Look in the right sidebar under Science, first link:
http://www.aip.org/history/climate/co2.htm
“… A few years after Arrhenius published his hypothesis, another scientist in Sweden, Knut Ångström, asked an assistant to measure the passage of infrared radiation through a tube filled with carbon dioxide. …”
Mark says
“Is there a high school (US) or secondary school (UK) level physics lab experiment to show that CO2 is a greenhouse gas?”
Yes, the original experiment can be carried out with high-school level equipment.
I don’t know of any place that does, mind.
Mark says
“Science is by definition SKEPTICAL.
Did that sink in?”
Didn’t need to. That was already internalised.
However what you’re doing isn’t skepticism. It’s nihilism.
You don’t have an alternative (or none that you’ve been SKEPTICAL of yourself) and the current theory fits the data well.
But, being skeptical, if someone comes up with a better idea, we’ll look at it (skeptically) and if it does seem to fit the evidence better, move over.
Got anything better?
David B. Benson says
Theo Hopkins (338) —
“My kid’s science class did a very simple experiment: they took two clear glass bottles, added some CO2 to one of them, dropped a thermometer in each one, closed them, and put them outside in the sun. After a few minutes, the CO2-enriched air was hotter than the “normal” air. It’s about that simple.” — Chris Dunford, Maryland
from a comment on DotEarth
Hank Roberts says
Er, Theo, one more thing:
Where are you reading a version of RC in which you see ‘numerous references on RC to Hadley as “Father of Global Warming” ‘please? How do you find that?

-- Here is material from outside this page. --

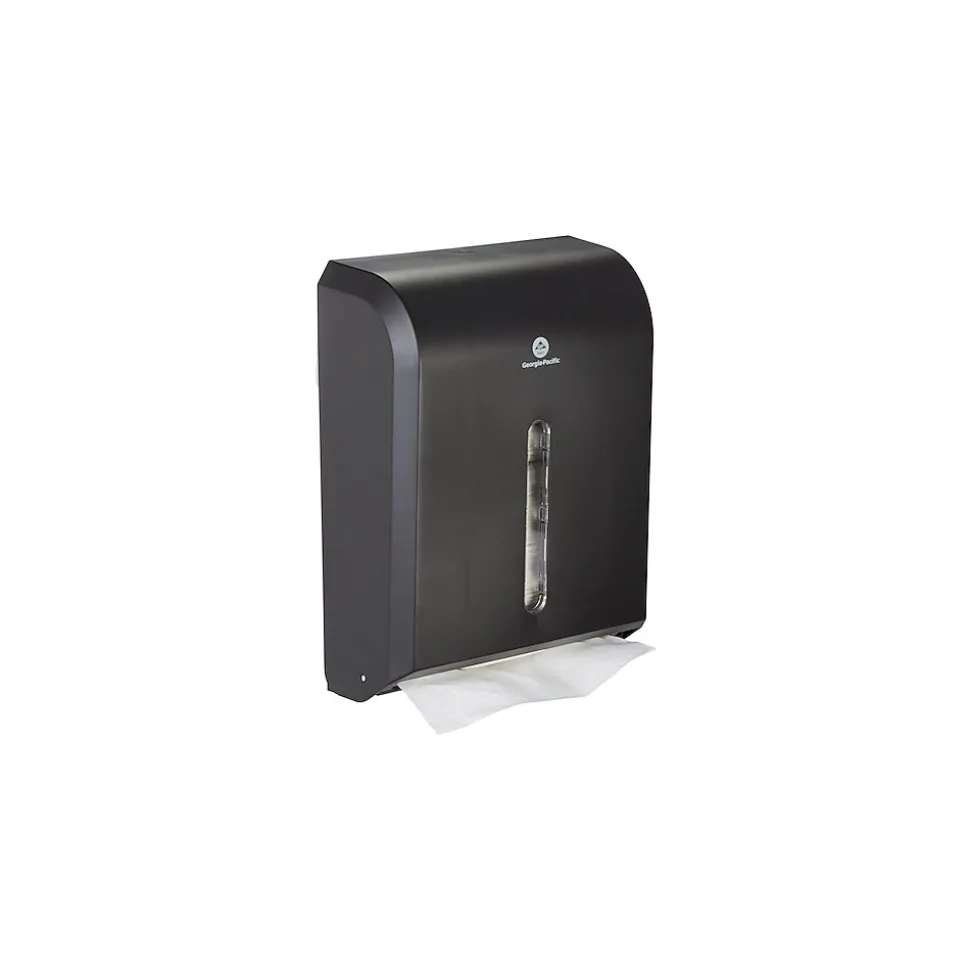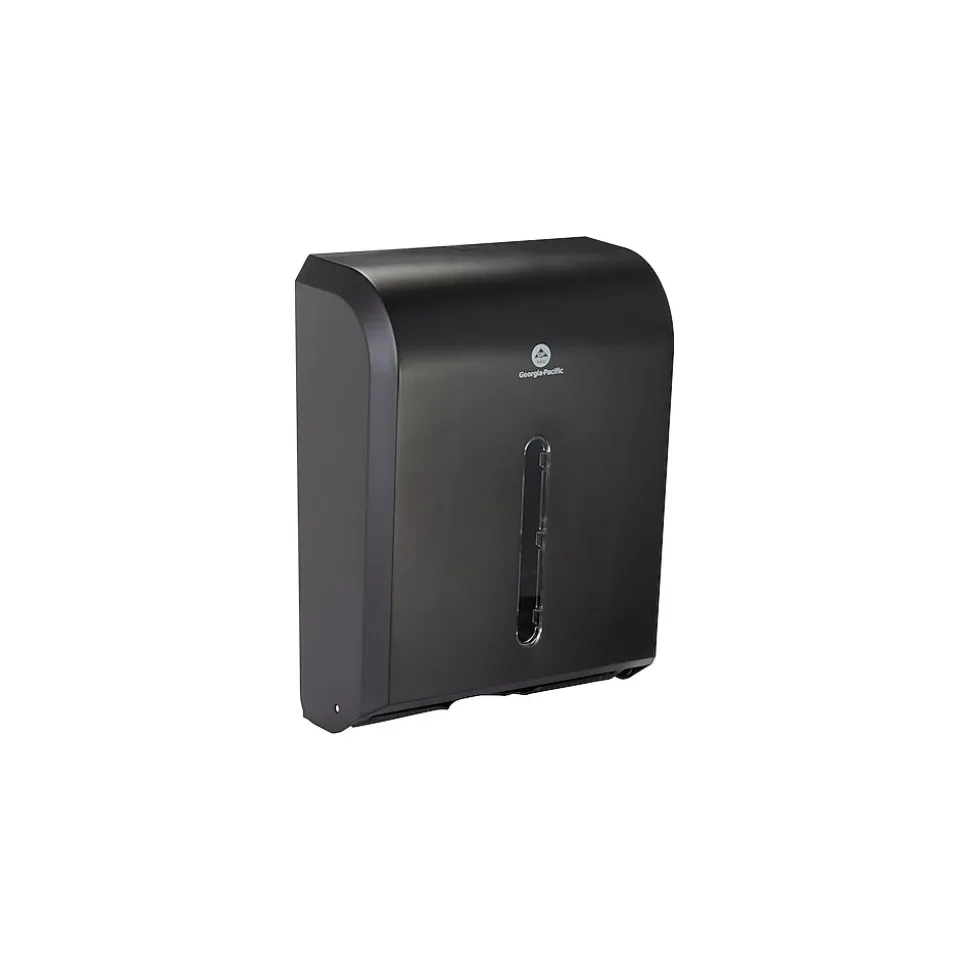 Burnish the image of your office or establishment with this Georgia-Pacific combi-fold Vista c-fold or multifold dispenser. Featuring a handsome design and a black finish to complement a wide array of interiors, this dispenser comes with a translucent cover that provides a tasteful level of discreteness while making it easy to find out when you are about to run out of towels.

I tried the search box here, and found none.
Then I thought I’d check for the newspaper story references you remember seeing.
http://news.google.com/archivesearch?um=1&ned=us&hl=en&q=Hadley+CO2+greenhouse+gas&cf=all
“I have no idea what you’re talking about … so here’s a bunny with a pancake on its head.”
http://en.wikipedia.org/wiki/Oolong_(rabbit)
P. Lewis says
Hadley didn’t [show that CO2 is a greenhouse gas — which seems to be your implication]. He was a C17-C18 amateur meteorologist. I’m not even sure that Hadley would have known about CO2, as it was discovered towards the end of his life.
As to school experiments, this one gets close IMHO. At least it seems closer than the two-bottles experiment you see sometimes. What might be interesting is to extend the experiment to CH4, N2O and a CFC.
Hank Roberts says
For Todd B. — before you set up a public web site making fun of anyone or anything, it will be good to get comfortable looking up facts yourself.
If you just take what others tell you and paste it up on the web, you can be really made a fool of by people who are putting out PR instead of helping people learn to think for themselves. Seriously.
Google Scholar is going to be more reliable than Google for this. As Coby Beck has often pointed out there is no “Wisdom” button on the Internet.
And you won’t get credibility if you attribute what you believe to something written by some stranger on some blog somewhere.
For example, you ask about the toxicity of CO2 and say that you suspect that 1900ppm is toxic.
Where did you get that idea? Why do you consider that source to be one you can rely on for good information?
How can you check it yourself?
Try it out.
See if you can find support for this statement — call it a challenge to exercise your skepticism and figure out if this is any more credible than what you think now:
“At 1% concentration of carbon dioxide CO2 (10,000 parts per million or ppm) and under continuous exposure at that level, such as in an auditorium filled with occupants and poor fresh air ventilation, some occupants are likely to feel drowsy.”
Who says so? Take your question to Google, or Google Scholar, paste it in and see what you find out.